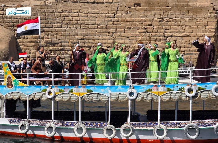 ارتفعت أصوات الطبول والإيقاعات التقليدية على ضفاف النيل، متماهية مع هدير الأمواج ولون السماء الصافي، لتشكل سيمفونية بصرية وسمعية تجمع بين سحر الطبيعة وروعة التراث الشعبي.
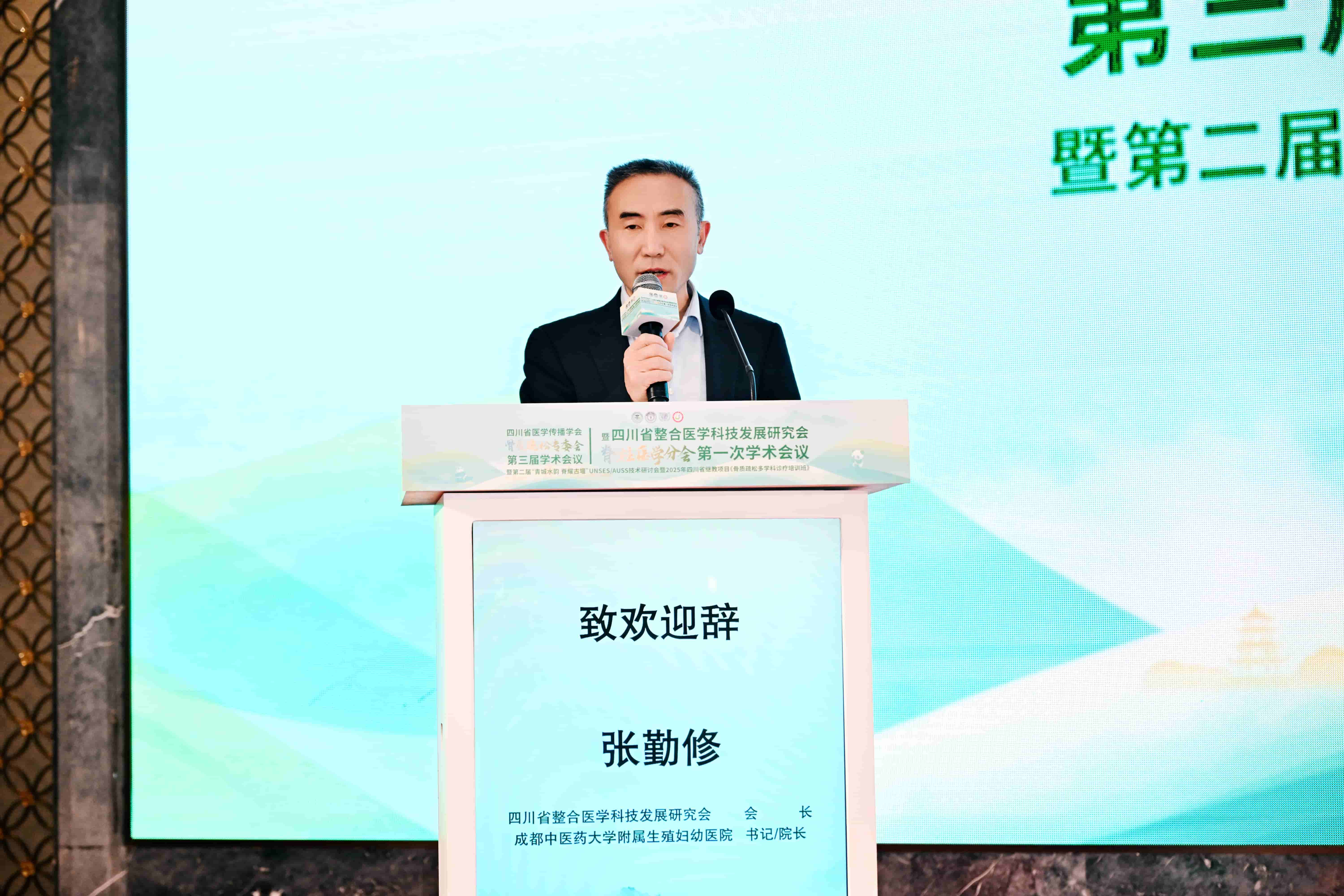 会议在成都融创国际会议中心召开,由四川省整合医学科技发展研究会主办,脊柱医学分会、骨质疏松专委会及多家医院共同协办。四川省整合医学科技发展研究会会长张勤修教授、成都市第三人民医院党委书记吴奎书记、都江堰市卫生健康局副局长贾如刚局长、四川大学华西医院宋跃明教授、四川大学华西医院刘浩教授等专家学者以及都江堰市人民医院领导等嘉宾莅临现场,与线上线下与会同仁共同见证了分会的诞生。
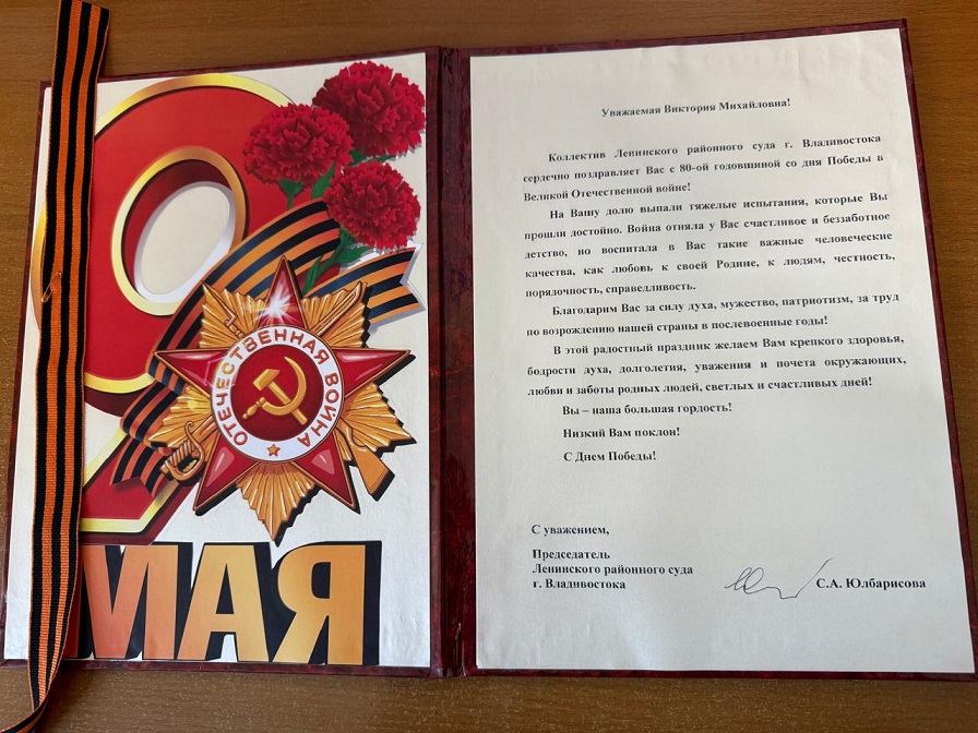 25 апреля 2025 г. председатель Ленинского районного суда г. Владивостока Юлбарисова С.А., помощник председателя суда Бухарова К.Н. и администратор суда Ярош Ж.А. поздравили судью в отставке Малышкину Викторию Михайловну, детство которой пришлось на тяжелую военную пору, с 80-й годовщиной Победы в Великой Отечественной войне. Малышкиной В.М. вручили цветы, памятный подарок и георгиевскую ленточку. Малышкина Виктория Михайловна, 1935 года рождения, работала народным судьей Ленинского районного народного суда г. Владивостока с 15 мая 1979 г. по 29 августа 1989 г. ![]() ![]() ![]() ![]() |
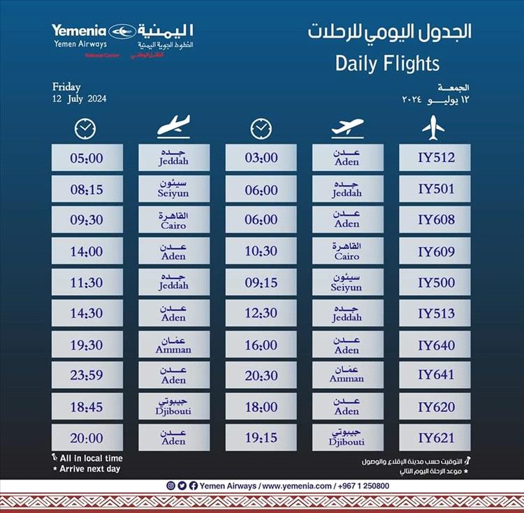 مواعيد إقلاع رحلات طيران اليمنية لليوم الجمعة كالتالي:
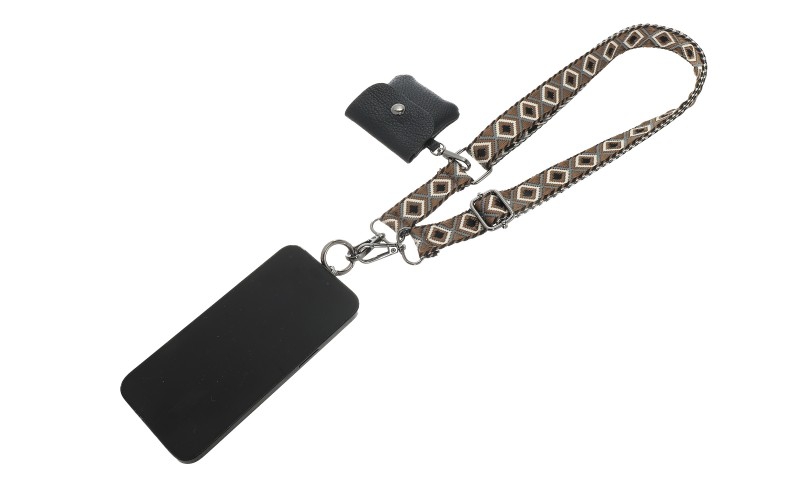 De Jansje telefoonstrap is de ultieme accessoire voor wie handsfree op pad wil. Deze verstelbare, geweven band heeft een trendy patroon en is voorzien van een handig, afneembaar portemonneetje voor je oordopjes, sleutel of kleingeld.
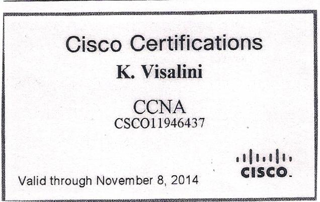 CCNAவில் இவள் பெற்ற மதிப்பெண் 90 சதவிகிதம். இதுவும் ஒரு உலக சாதனைதான்.மங்களூரிலுள்ள NITயும், திருவில்லிபுத்தூரிலுள்ள பொறியியல் கல்லூரி ஒன்றும் விசாலினியை தங்கள் கல்லூரியில் சேர அழைத்தும் இவர் பெற்றோர்கள், இன்னும் சில ஆண்டுகளுக்கு, இந்த இளம் அறிவாளியை, கல்லூரி வாழ்க்கைக்கு அனுப்பி வைக்கத் திட்டமிடவில்லை.
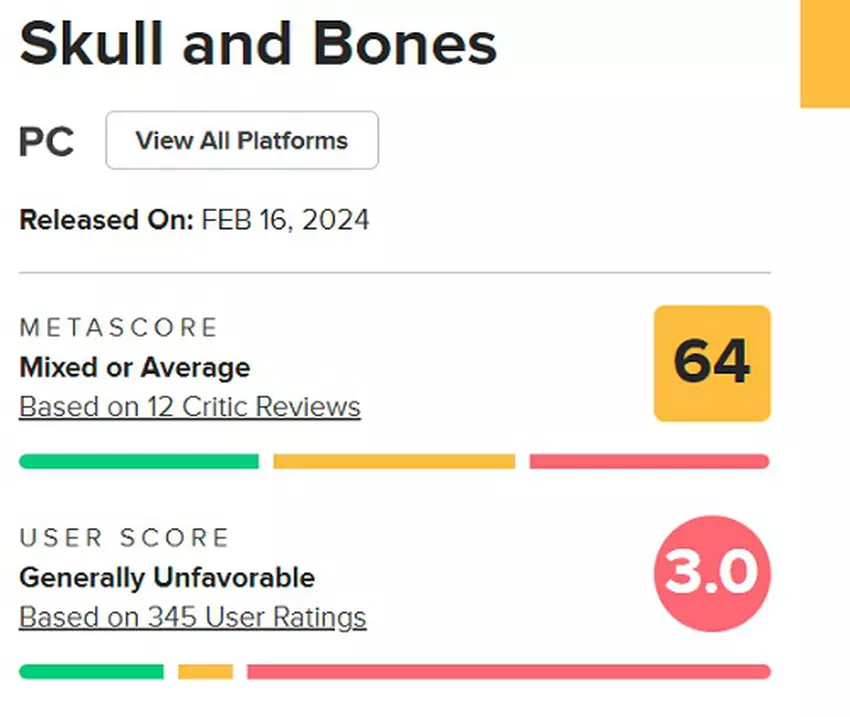 Die durchschnittliche Benutzerbewertung von Skull & Bones auf Metacritic beträgt nur 3 von 10 möglichen Punkten. Die Spieler sind nicht zimperlich in ihren Aussagen und bezeichnen das Piraten-Actionspiel als absoluten Reinfall.
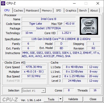 The Intel Core i9-11980HK used here is a processor with eight cores that can process up to 16 tasks simultaneously. The clock rates are between 2.6 and 5 GHz, with the actual performance depending on the cooling system and the predefined TDP. MSI configures the latter with a short-term value (PL2) of 200 watts and a long-term value (PL1) of 91.75 watts.
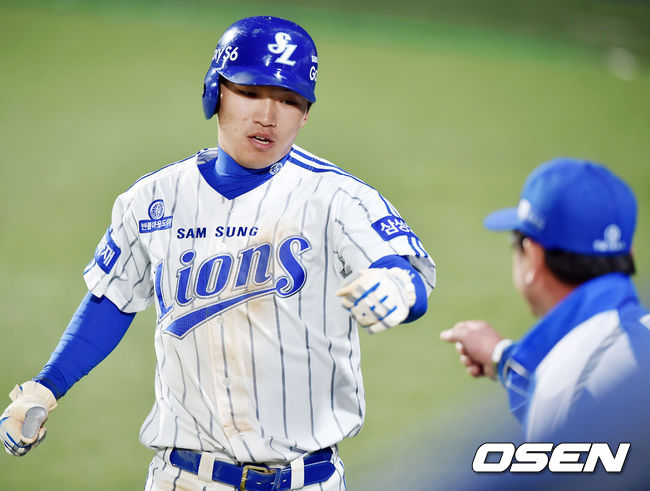 8일 오후 대구시민운동장 야구장에서 열린 '2015 타이어뱅크 KBO 리그' 삼성 라이온즈와 롯데 자이언츠의 경기, 7회말 1사 주자 3루, 삼성 김상수의 중견수 희생플라이때 3루주자 박해민이 홈을 밟은 후 덕아웃에서 류중일 감독과 하이파이브를 하고 있다.
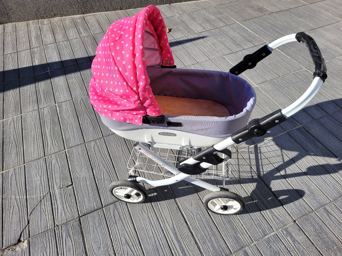 Predám kočík pe bábiky ako na obrázku, skladací rám, odnímateľná vanička, výškovo nastaviteľná rukoväť, sklápacia strieška, košík. Chýba kryt na vaničku, taška a matrac.

WORK REQUIRED:
Extract from the material above the stretch running from the line containing "CCNAவில் இவள் பெற்ற" through the line containing "The Intel Core". Keep the text exact and the pictures out.

SOLUTION:
 CCNAவில் இவள் பெற்ற மதிப்பெண் 90 சதவிகிதம். இதுவும் ஒரு உலக சாதனைதான்.மங்களூரிலுள்ள NITயும், திருவில்லிபுத்தூரிலுள்ள பொறியியல் கல்லூரி ஒன்றும் விசாலினியை தங்கள் கல்லூரியில் சேர அழைத்தும் இவர் பெற்றோர்கள், இன்னும் சில ஆண்டுகளுக்கு, இந்த இளம் அறிவாளியை, கல்லூரி வாழ்க்கைக்கு அனுப்பி வைக்கத் திட்டமிடவில்லை.
 Die durchschnittliche Benutzerbewertung von Skull & Bones auf Metacritic beträgt nur 3 von 10 möglichen Punkten. Die Spieler sind nicht zimperlich in ihren Aussagen und bezeichnen das Piraten-Actionspiel als absoluten Reinfall.
 The Intel Core i9-11980HK used here is a processor with eight cores that can process up to 16 tasks simultaneously. The clock rates are between 2.6 and 5 GHz, with the actual performance depending on the cooling system and the predefined TDP. MSI configures the latter with a short-term value (PL2) of 200 watts and a long-term value (PL1) of 91.75 watts.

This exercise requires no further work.